Recent advances in the field of anti-cancer immunotherapy

Abstract

Background: The main goal of anti-cancer therapy is to specifically inhibit the malignant activity of cancer cells, while leaving healthy cells unaffected. As such, for every proposed therapy, it is important to keep in mind the therapeutic index - the ratio of the toxic dose over the therapeutic dose. The use of immunotherapy has allowed a means to both specifically block protein-protein interaction and deliver cytotoxic events to a tumor-specific antigen.

Review scope: It is the objective of this review to give an overview on current immunotherapy treatment for cancers using monoclonal antibodies. We demonstrate three exciting targets for immunotherapy, TNF-α Converting Enzyme (TACE), Cathepsin S and Urokinase Plasmogen Activator and go over the advances made with one of the most used monoclonal antibodies in cancer therapy, Rituximab; as well as Herceptin, which is used for breast cancer therapy. Furthermore, we touch on other venues of immunotherapy, such as adaptive cell transfer, the use of nucleic acids and the use of dendritic cells. Finally, we summarize some ongoing studies that spell tentative advancements for anti-cancer immunotherapy.

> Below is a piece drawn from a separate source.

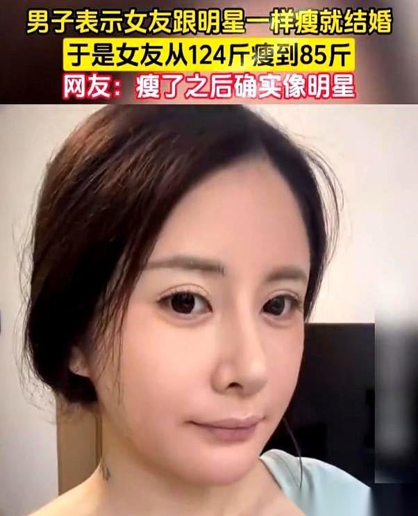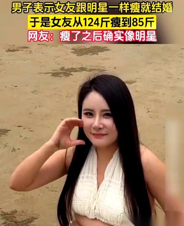 浙江一个哥们,冲着自己124斤的女友开了个玩笑。 他指着电视里的杨幂说:你要是能瘦成她那样,我立马娶你。 三个月后,一个85斤的姑娘站在他面前,身形跟他想的一样,但眼神,跟他想的完全不一样。 那三个月,她把自己的嘴当成了仇人。 以前满满一碗米饭,后来变成半碗,再后来,是几根孤零零的水煮青菜。同事递来的奶茶,她手直接挡开,头也扭过去,像是怕多看一眼,里面的糖分就会钻进身体里。 跑步机上的汗,不是往下滴,是往下甩。最难熬的是半夜,饿得胃里像有只猫在抓,翻来覆去,脑子里全是炸鸡腿、小烧烤在开派对。 她有好几次看着镜子里那个咬着牙、脸色发白的自己,差点就想把体重秤给砸了。 但最后砸下去的,还是身上的几十斤肉。 直到体重跌破100斤那天,她洗完澡,在水汽还没散尽的镜子前,看着里面那个轮廓分明的下颌线和能放下硬币的锁骨,心里那个一直催着她“快一点、再快一点”的声音,忽然就停了。 她发现,自己拼了命想要的,好像已经不是那句承诺了。 再见面那天,哥们手里的手机都差点滑下去。 他准备了一肚子的话,想问她怎么做到的,想说点什么缓和一下。可话到嘴边,一个字都吐不出来。 因为他看见的,不止是一个瘦下来的女朋友,而是一个眼神里再也没有“讨好”这两个字的,一个崭新的,甚至有点陌生的女人。 他那句玩笑,像个回旋镖,飞了三个月,不偏不倚,正中自己的脑门。 现在,她朋友圈晒的都是健身餐,是新买的裙子,是阳光下的自拍,唯独没有他。 他那句轻飘飘的“我娶你”,当初听着像个天大的恩赐。 现在,更像个烫嘴的山芋。 这就叫,你以为你给她设了个终点线,其实是亲手给她递了把发令枪。

General significance: Immunotherapy is at the forefront of anti-cancer therapies, allying both a high degree of specificity to general high effectiveness and fewer side-effects.

Keywords: Anti-cancer therapies; Antibodies; Cancer; Immunotherapy.

Fig. 1

Flowchart for the protocol for Phage Display Technology. V_L and V_H refer to variable light and variable heavy chains in antibodies. Various genes responsible for encoding the variable regions of antibodies are amplified from human B-cells and used to build an antibody library. The library is cloned for display on the surface of the phage. In a procedure similar to the two-hybrid system, the antibody fragment is expressed in fusion with the virus coat protein. The phage display library goes through a process of selection, whereupon those that do not bind to the selected epitopes are washed away. The ones that do are eluted and amplified by infection of Escherichia coli. After an adequate number of selection series, the specificity of the desired antibody can be assessed through Enzyme-Linked Immunosorbent Assay (ELISA) or Fluorescent-Activated Cell Sorting (FACS). Once the achieved specificity is satisfactory, the genes corresponding to the antibody's variable regions can be cloned into whole human IgG expression vectors and transfected into cells, such as HEK293, which will produce fully human mAbs (hmAbs). The antibodies will be expressed into the cell medium. At that point, the supernatant can be collected for antibody purification.

Fig. 2

Direct tumor cell killing by antibodies. This event may occur through receptor antagonist activity, which occurs when an antibody blocks dimerization, downstream signaling and kinase activation, resulting in inhibition of proliferation and, finally, apoptosis (such is the case with TACE/ADAM17 binding and the therapeutic antibody Herceptin). It can also be triggered by antibodies binding to a tumor cell surface receptor, leading to its activation and, consequently, apoptosis; which is represented by the mitochondrion. Finally, an antibody may bind to an enzyme, leading to signaling abrogation, neutralization and cell death. Conjugated antibody therapies are based around delivering a payload – for example, a drug, toxin, small interfering RNA or radioisotope – to a tumor cell.